====== Records to use

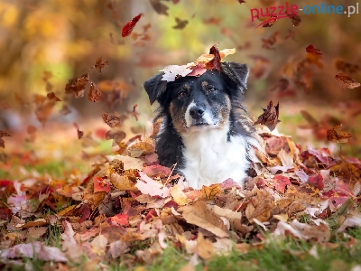 Puzzle Jesienne, Pies, Liscie
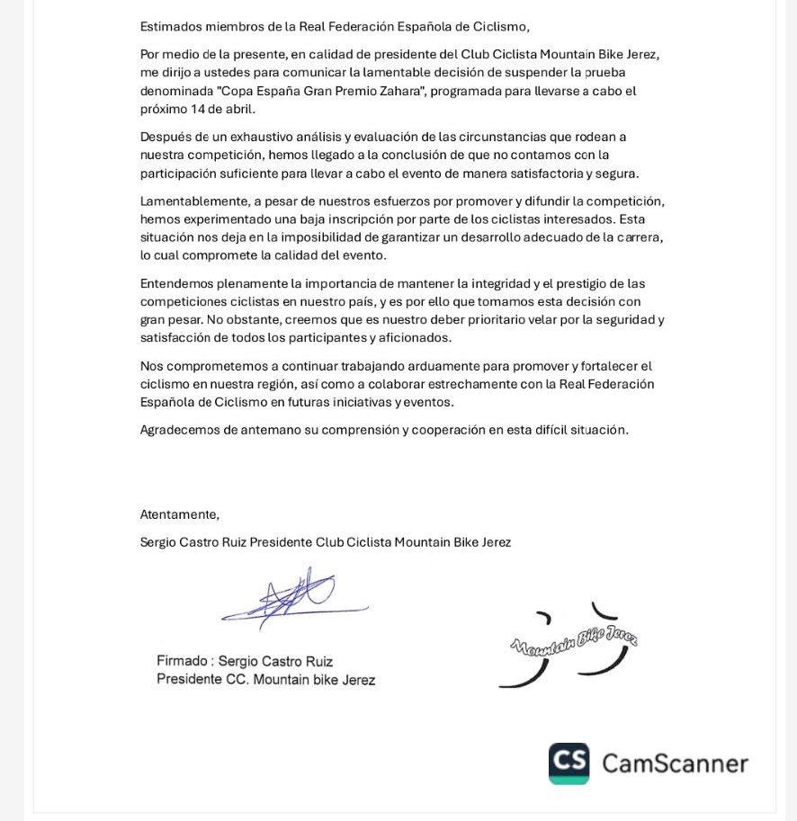La RFEC ha anunciado que el Gran Premio Zahara de la Sierra, tercera prueba de la Copa de España Cadete de carretera, ha sido suspendido. Estaba prevista para el día 14 de abril en tierras gaditanas. Tras la disputa de las prueba de Melilla y Fortuna lidera el Torneo Salvador Ayala (El Nietro del Lobo), con Pachecho Wymmersch (Indeso) y Javier Muñoz (+ Vatios Qatar). Óscar Morante (Esetec Pikolinos) es séptimo.
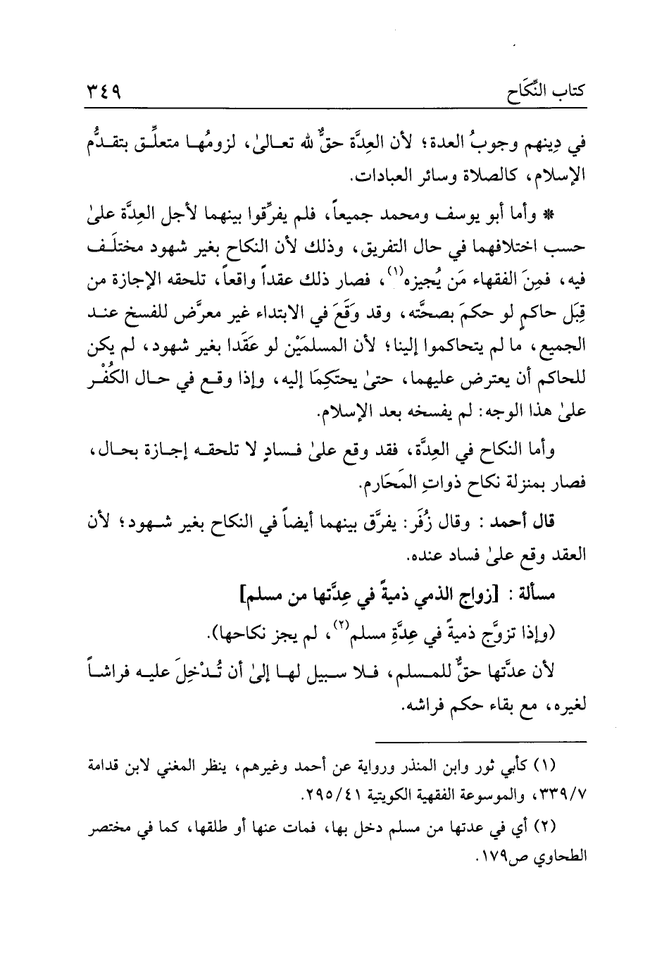 مسألة: [زواج الذمي ذمية في عدتها من مسلم]
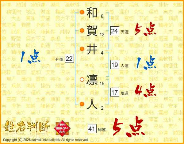 和(8画)賀(12画)井(4画) 凛(15画)人(2画)
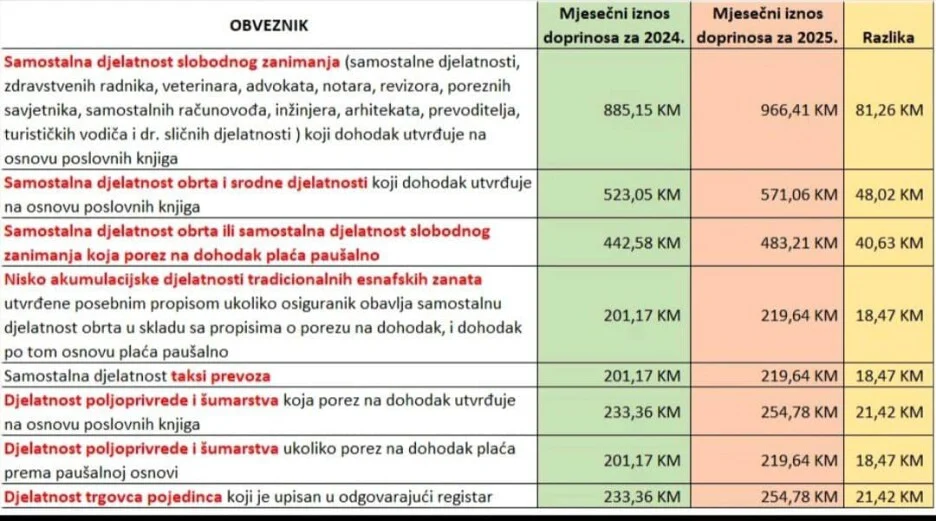 Ranije je federalni ministar razvoja, poduzetništva i obrta Vojin Mijatović, na temu minimalne plate koja u FBiH od 1. januara iznosi 1.000 KM, objavio i razliku u iznosu mjesečnih doprinosa (odnos 2024. i 2025. godine) koji će biti uplaćivani prema vrsti poreskih obveznika (tabela iznad).
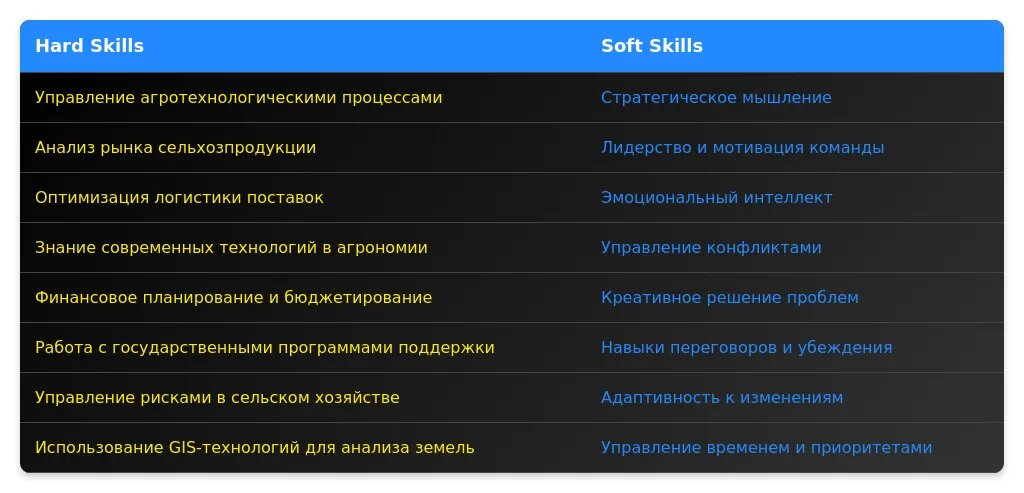 После адаптации: "Знание современных агротехнологий, опыт внедрения систем автоматизации, управление бюджетом до 1 млрд рублей."
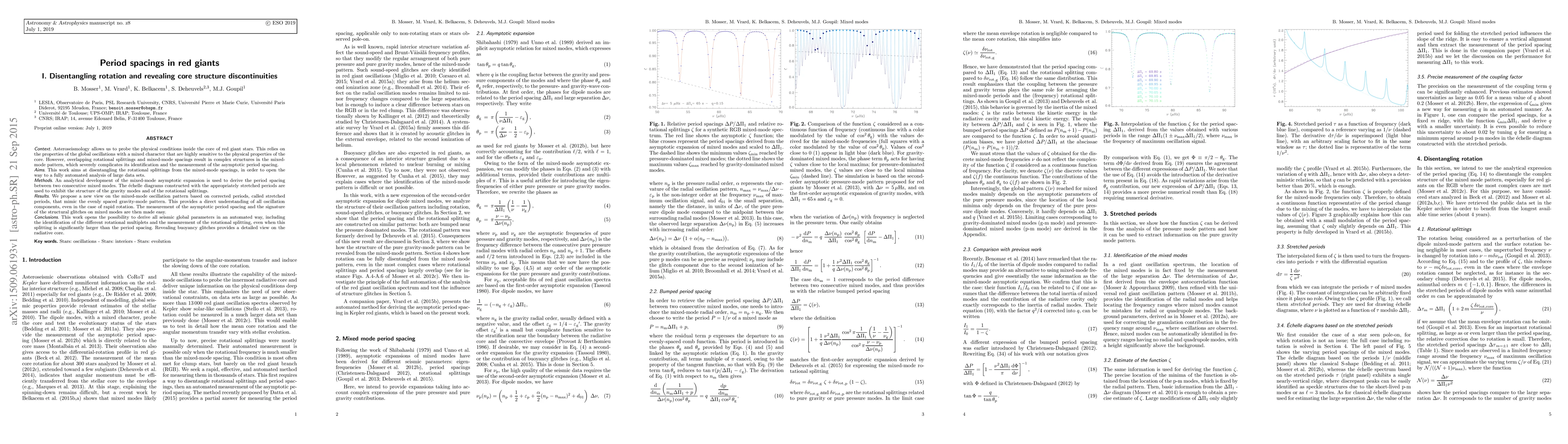 This paper develops a method to disentangle rotational splittings from mixed-mode spacings in red giant stars, facilitating automated analysis of large datasets. It introduces "stretched periods" to reveal core structure discontinuities, enabling precise measurement of asymptotic period spacing and identification of rotational multiplets.
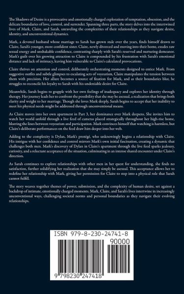 The Shadows of Desire is a provocative and emotionally charged exploration of temptation, obsession, and the delicate boundaries of love, control, and surrender. Spanning three parts, the story delves into the intertwined lives of Mark, Claire, and Sarah, unraveling the complexities of their relationships as they navigate desire, identity, and unconventional dynamics. Mark, a devoted husband whose marriage to Sarah has grown stale over the years, finds himself drawn to Claire, Sarah's younger, more confident sister. Claire, newly divorced and moving into their home, exudes raw sexual energy and unshakable confidence, contrasting sharply with Sarah's reserved and nurturing demeanor. Mark's guilt over his growing attraction to Claire is compounded by his frustration with Sarah's emotional distance and lack of intimacy, leaving him vulnerable to Claire's calculated provocations. Claire thrives on attention and control, deliberately orchestrating moments designed to entice Mark. From suggestive outfits and subtle glimpses to escalating acts of voyeurism, Claire manipulates the tension between them with precision. Her allure becomes a source of fixation for Mark, and as their boundaries blur, he struggles to reconcile his loyalty to Sarah with his undeniable desire for Claire. Meanwhile, Sarah begins to grapple with her own feelings of inadequacy and explores her identity through therapy. Her journey leads her to confront the possibility that she may be asexual, a realization that brings both clarity and weight to her marriage. Though she loves Mark deeply, Sarah begins to accept that her inability to meet his physical needs might be addressed through unconventional means. As Claire moves into her own apartment in Part 3, her dominance over Mark deepens. She invites him to watch her world unfold through a live feed of cameras placed strategically throughout her high-rise home, blurring the lines between voyeurism and participation. Mark convinces himself that watching is harmless, but Claire's deliberate performances on the feed draw him deeper into her web. Adding to the complexity is Dylan, Mark's protégé, who unknowingly begins a relationship with Claire. His intrigue with her confidence and control mirrors Mark's own initial fascination, creating a dynamic that challenges both men. Mark's discovery of Dylan in Claire's apartment through the live feed sparks jealousy, curiosity, and a reluctant acceptance of the situation, culminating in an intense shared encounter under Claire's direction. As Sarah continues to explore relationships with other men in her quest for understanding, she finds no satisfaction, further solidifying her realization that she may simply be asexual. This acceptance allows her to redefine her relationship with Mark, giving her permission for Claire to step into a physical role that Sarah cannot fulfill. The story weaves together themes of power, submission, and the complexity of human desire, set against a backdrop of intimate, emotionally charged moments. Mark, Claire, and Sarah's lives intertwine in increasingly unconventional ways, challenging societal norms and personal boundaries as they navigate their evolving relationships.
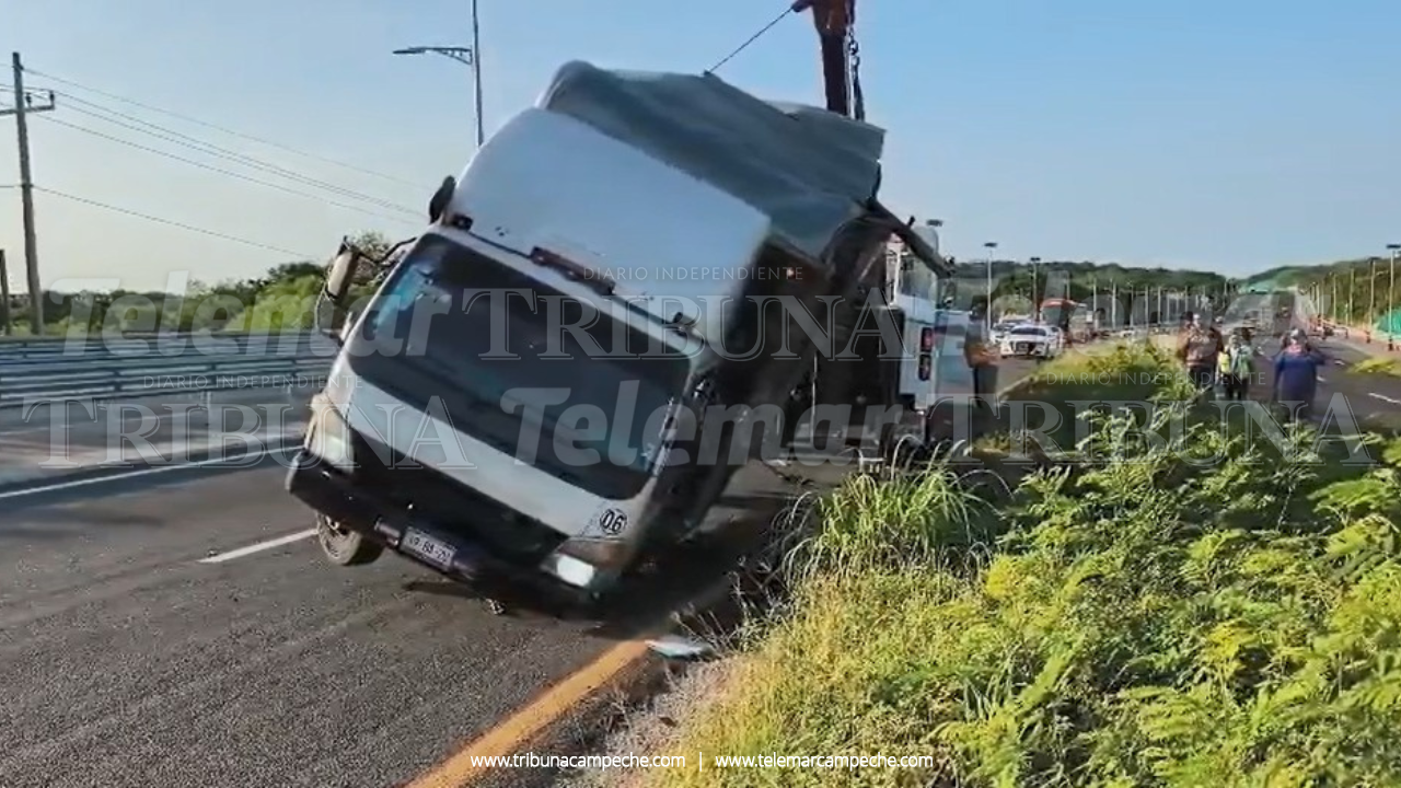 La unidad acabó sobre su costado izquierdo y con la caja destruida en el camellón central, tras lo cual automovilistas avisaron al número de emergencia.

============

*Work to be completed*. Without any of the pictures, set the entries down again exactly as written.

*Solution to this exercise*.
 Puzzle Jesienne, Pies, Liscie
La RFEC ha anunciado que el Gran Premio Zahara de la Sierra, tercera prueba de la Copa de España Cadete de carretera, ha sido suspendido. Estaba prevista para el día 14 de abril en tierras gaditanas. Tras la disputa de las prueba de Melilla y Fortuna lidera el Torneo Salvador Ayala (El Nietro del Lobo), con Pachecho Wymmersch (Indeso) y Javier Muñoz (+ Vatios Qatar). Óscar Morante (Esetec Pikolinos) es séptimo.
 مسألة: [زواج الذمي ذمية في عدتها من مسلم]
 和(8画)賀(12画)井(4画) 凛(15画)人(2画)
 Ranije je federalni ministar razvoja, poduzetništva i obrta Vojin Mijatović, na temu minimalne plate koja u FBiH od 1. januara iznosi 1.000 KM, objavio i razliku u iznosu mjesečnih doprinosa (odnos 2024. i 2025. godine) koji će biti uplaćivani prema vrsti poreskih obveznika (tabela iznad).
 После адаптации: "Знание современных агротехнологий, опыт внедрения систем автоматизации, управление бюджетом до 1 млрд рублей."
 This paper develops a method to disentangle rotational splittings from mixed-mode spacings in red giant stars, facilitating automated analysis of large datasets. It introduces "stretched periods" to reveal core structure discontinuities, enabling precise measurement of asymptotic period spacing and identification of rotational multiplets.
 The Shadows of Desire is a provocative and emotionally charged exploration of temptation, obsession, and the delicate boundaries of love, control, and surrender. Spanning three parts, the story delves into the intertwined lives of Mark, Claire, and Sarah, unraveling the complexities of their relationships as they navigate desire, identity, and unconventional dynamics. Mark, a devoted husband whose marriage to Sarah has grown stale over the years, finds himself drawn to Claire, Sarah's younger, more confident sister. Claire, newly divorced and moving into their home, exudes raw sexual energy and unshakable confidence, contrasting sharply with Sarah's reserved and nurturing demeanor. Mark's guilt over his growing attraction to Claire is compounded by his frustration with Sarah's emotional distance and lack of intimacy, leaving him vulnerable to Claire's calculated provocations. Claire thrives on attention and control, deliberately orchestrating moments designed to entice Mark. From suggestive outfits and subtle glimpses to escalating acts of voyeurism, Claire manipulates the tension between them with precision. Her allure becomes a source of fixation for Mark, and as their boundaries blur, he struggles to reconcile his loyalty to Sarah with his undeniable desire for Claire. Meanwhile, Sarah begins to grapple with her own feelings of inadequacy and explores her identity through therapy. Her journey leads her to confront the possibility that she may be asexual, a realization that brings both clarity and weight to her marriage. Though she loves Mark deeply, Sarah begins to accept that her inability to meet his physical needs might be addressed through unconventional means. As Claire moves into her own apartment in Part 3, her dominance over Mark deepens. She invites him to watch her world unfold through a live feed of cameras placed strategically throughout her high-rise home, blurring the lines between voyeurism and participation. Mark convinces himself that watching is harmless, but Claire's deliberate performances on the feed draw him deeper into her web. Adding to the complexity is Dylan, Mark's protégé, who unknowingly begins a relationship with Claire. His intrigue with her confidence and control mirrors Mark's own initial fascination, creating a dynamic that challenges both men. Mark's discovery of Dylan in Claire's apartment through the live feed sparks jealousy, curiosity, and a reluctant acceptance of the situation, culminating in an intense shared encounter under Claire's direction. As Sarah continues to explore relationships with other men in her quest for understanding, she finds no satisfaction, further solidifying her realization that she may simply be asexual. This acceptance allows her to redefine her relationship with Mark, giving her permission for Claire to step into a physical role that Sarah cannot fulfill. The story weaves together themes of power, submission, and the complexity of human desire, set against a backdrop of intimate, emotionally charged moments. Mark, Claire, and Sarah's lives intertwine in increasingly unconventional ways, challenging societal norms and personal boundaries as they navigate their evolving relationships.
 La unidad acabó sobre su costado izquierdo y con la caja destruida en el camellón central, tras lo cual automovilistas avisaron al número de emergencia.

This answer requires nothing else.